Diğer sorunun 'Biz enflasyonla mücadelemizi, kur/faiz politikasını daha sağlıklı ve proaktif bir şekilde yürütemez miyiz?' olduğuna işaret eden Oğuz Satıcı, "Bugün ticaretin küreselleştiği, gümrük duvarlarının ortadan kalktığı, tarife dışı engellerin son derece zayıf kaldığı böylesi bir dünyada kendi üreticisini rekabetçi kılmak ve ülkesini eşit şartlar altında rekabet etmediği ülkelerden gelecek ithalat akınına karşı korumak için para politikasını etkin bir araç olarak kullanmayan ülke nerede ise yoktur. Bizim yerli sanayiyi küresel rekabete karşı para politikaları marifeti ile koruyalım gibi bir teklifimiz yoktur. Biz özetle şunu söylüyoruz: Ekonomi yönetimi bir bütündür. Enflasyonla mücadelemizi; gerçekçi ve akılcı hedefler koyarak, enflasyonun kamunun küçüldüğü ve yüksek faizle borçlanma ihtiyacını bittiği yerde gerçek anlamda yenilebileceğini bilerek, ihracatın ithalatı karşılama oranının ve ithalatın yapısını doğru analiz ederek, dış ticaret açığının büyümesi halinde nasıl olsa piyasa buna tepki verir ve kendi dengesini sağlar gibi bir iyimserliğe kendimizi fazla kaptırmadan önlemleri almamız gerekiyor. Eğer bunu başarabilirsek, ki başarmaktan başka şansımız yoktur, para politikalarıyla hiçbir sorunumuz kalmayacaktır" diye konuştu.

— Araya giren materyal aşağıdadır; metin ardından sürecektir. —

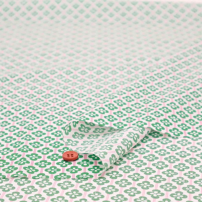 著名な摂政時代のダンディ、ボウ・ブラムルを讃えてデザインされた「クローバー・フィールズ」は、摂政時代のサテン・ダマスク模様を彷彿とさせる精緻な幾何学的な花柄です。

YAPILMASI GEREKENLER 2004 yılında ne yapılması konusunda da açıklamalarda bulunan Oğuz Satıcı, şu ifadeleri kullandı:
"Komşu ülkelerimizle ticaretimizi genişletiyoruz. Bu noktada üçüncü ülkelerle serbest ticaret anlaşması yapabilmemizin yolunun bir an önce açılması gerekiyor. Gümrük Birliği'nin bu konuda getirdiği kısıt ciddi bir haksızlığa yol açmaktadır. Önümüzdeki dönemde AB ile olan ilişki ve müzakerelerimizde bu sorunun masaya mutlaka konulması ve bu konuda ısrar edilmesi gerekiyor. Değer zincirinde daha ileri adımlara atabilmemiz için, teknoloji ve AR-GE meselesini, fark yaratma ve markalaşma meselesini, bir yandan uluslararası seviyede tedarikçilik yapmaya devam ederken öte yandan perakendeciliğe geçişin sağlanabilmesi için gerekli know-how ve olanakların oluşturulması meselesini önümüze ulusal bir mesele olarak koymak ve bu konuda ulusal düzeyde seferber olmak zorundayız."
2X1=3 FORMÜLÜ
Girdi maliyetlerinin azaltılamadığı yerde gelirleri arttırmak için bir şeyler yapılması gerektiğini belirten Oğuz Satıcı, "Bu anlamda yaratıcı bir matematiğe ihtiyacımız var. 2x1=3 ettiği yaratıcı bir matematiğe ihtiyacımız var. Bir şey yapal ım ve bu öylesine etkili bir şey olsun ki matematiğin etkisiz çarpanı 1 etkin hale gelsin. Teknolojiyi geliştirmek, tasarım süreçlerini geliştirmek ve yaygınlaştırmak, uluslararası pazarlarda tanıtım ve iletişim yapmak ve tüm bunları dünya tüketicisinin beğenerek sevinerek kabul edeceği farkları üretmek için kullanmak ve değer zincirinde bir adım öne çıkmak bu denklemin bir başka tarifidir" şeklinde konuştu.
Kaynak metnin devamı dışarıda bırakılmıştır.